Man given conditional discharge after argument over pet rabbit spirals out of control

Court finds accused guilty of illegally detaining his sister after an argument over a pet rabbit got out of hand

A family argument over a rabbit has earned a man a conditional discharge, after he was found guilty of illegally detaining his sister against her will, albeit momentarily.

The 41-year-old accused had been arraigned in January 2018, after a fight broke out in January 2018 at the family’s farm in San Gwann.

He was charged with illegal arrest, grievous bodily harm, causing fear of violence and insulting the woman.

The victim had been complaining to her father because a rabbit she had been taking care of had been taken by her nephew without her being informed.

She had used some coarse language directed at her brother, who had thrown a pot of water in her direction but missed. He then grabbed her from behind and threw her into the field, kicking and pushing her head into the soil and throwing various objects in her direction, claimed the woman.

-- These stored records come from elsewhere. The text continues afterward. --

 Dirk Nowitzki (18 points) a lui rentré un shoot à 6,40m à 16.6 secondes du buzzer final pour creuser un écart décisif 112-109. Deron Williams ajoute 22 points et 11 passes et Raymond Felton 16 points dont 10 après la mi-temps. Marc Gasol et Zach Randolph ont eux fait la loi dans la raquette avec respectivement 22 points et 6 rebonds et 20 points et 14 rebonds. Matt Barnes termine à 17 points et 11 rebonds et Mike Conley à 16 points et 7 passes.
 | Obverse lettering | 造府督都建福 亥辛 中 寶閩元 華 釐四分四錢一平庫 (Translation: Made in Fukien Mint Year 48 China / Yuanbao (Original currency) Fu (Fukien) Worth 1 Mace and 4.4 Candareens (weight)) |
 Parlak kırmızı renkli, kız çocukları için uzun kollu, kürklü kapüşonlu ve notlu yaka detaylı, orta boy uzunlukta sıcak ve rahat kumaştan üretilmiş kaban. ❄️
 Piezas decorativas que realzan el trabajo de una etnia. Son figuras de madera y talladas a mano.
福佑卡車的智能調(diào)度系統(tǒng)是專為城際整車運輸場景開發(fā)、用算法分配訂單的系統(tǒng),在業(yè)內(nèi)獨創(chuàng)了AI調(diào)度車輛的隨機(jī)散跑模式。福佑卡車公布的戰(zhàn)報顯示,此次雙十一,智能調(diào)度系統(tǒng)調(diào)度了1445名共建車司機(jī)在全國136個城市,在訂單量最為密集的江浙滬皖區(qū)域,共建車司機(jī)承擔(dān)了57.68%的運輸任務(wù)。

At one point, she said, she had smashed a glass bottle to use as a weapon but thought better of it and discarded the broken bottle, going instead to face her brother and reason with him. But he had then locked her in a stable, said the woman. She had started banging on objects but then noticed that she had a deep cut on her hand and a lot of blood.

The court heard the woman’s father explain that his son had told him that he had locked the woman in the stables because she had attacked him with a bottle. He had only seen blood after she was let out of the horse enclosure. The accused had told the police that he had locked her in the stables to let her cool off and avoid further escalation.

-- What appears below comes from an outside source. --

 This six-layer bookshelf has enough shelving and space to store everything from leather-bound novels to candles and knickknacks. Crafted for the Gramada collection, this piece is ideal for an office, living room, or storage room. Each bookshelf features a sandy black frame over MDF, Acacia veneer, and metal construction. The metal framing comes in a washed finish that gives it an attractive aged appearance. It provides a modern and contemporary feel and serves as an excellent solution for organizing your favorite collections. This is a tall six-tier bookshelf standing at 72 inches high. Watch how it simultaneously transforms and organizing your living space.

The accused had also testified, telling magistrate Joe Mifsud how he after the pushing incident with his sister, in which she had also bitten him, he had heard glass breaking and turned to see her coming at him with a broken bottle telling him “let’s see how gutsy you are now,” before discarding the glass weapon.

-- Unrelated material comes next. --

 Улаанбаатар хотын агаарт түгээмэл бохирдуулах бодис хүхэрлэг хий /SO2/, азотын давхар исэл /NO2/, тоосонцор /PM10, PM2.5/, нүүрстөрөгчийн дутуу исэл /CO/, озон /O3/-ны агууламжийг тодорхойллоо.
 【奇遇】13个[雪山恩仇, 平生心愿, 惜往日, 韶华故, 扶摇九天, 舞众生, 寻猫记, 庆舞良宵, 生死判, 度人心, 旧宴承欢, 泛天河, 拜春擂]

It also heard that the woman had suffered deep lacerations to her hand, as a result of which she had been certified as having sustained a 3% disability. A surgeon said the L-shaped scar on her wrist was likely to have been caused by broken glass, a knife, or broken pottery and would be permanent.

Dispensing with his famously colourful and left-field approach, Magistrate Mifsud’s sober and scholarly examination of the charges and the various legal doctrines and case law affecting marks an interesting change in his judgments.

He noted that despite it emerging that the woman had not been detained for more than a few moments, this did not exclude the crime of illegal arrest, a fact established by the Court of Appeal.

But the court also said that it was not convinced that the woman’s injuries had been caused by the accused. On the charge of grievous injury, the magistrate noted that the doctor who treated her injuries the next day had been told by the woman that they were caused by chicken wire. This detail was absent from the woman’s testimony.

The fact that the accused had never been indicated as carrying a sharp or cutting instrument and that the woman had broken a bottle and was carrying a knife at the time created “serious doubt as to how much these injuries could be attributed to the accused.”

The court also noted that the injuries had occurred whilst the woman was in the stable, as none of the eyewitnesses had seen any blood before she was let out and there was no fisticuffs afterwards.

On the charge of causing fear of violence, the court said that the course of conduct required by law was absent.

The fourth charge – of insulting the woman, was no longer a crime, noted the court.

The magistrate condemned the use of violence in family contexts, saying that the family should be a safe space for the individual to share his life. “Every form of violence in the family is always wrong and can never be justified, irrespective of the circumstances which led to the violence.”

The court said that it had to decide cases only on the evidence, unlike those who comment on decisions without experiencing the trial, “who often only have a summary of the case published in the media, who often have a problem reporting sentences with legal arguments in the limited space they have.”

Finding him guilty only of the first charge, the court conditionally discharged the man for one year.

It invited the two parties to sort out their differences with the assistance of professionals.

Lawyers Franco Debono and Marion Camilleri were defence counsel for the accused.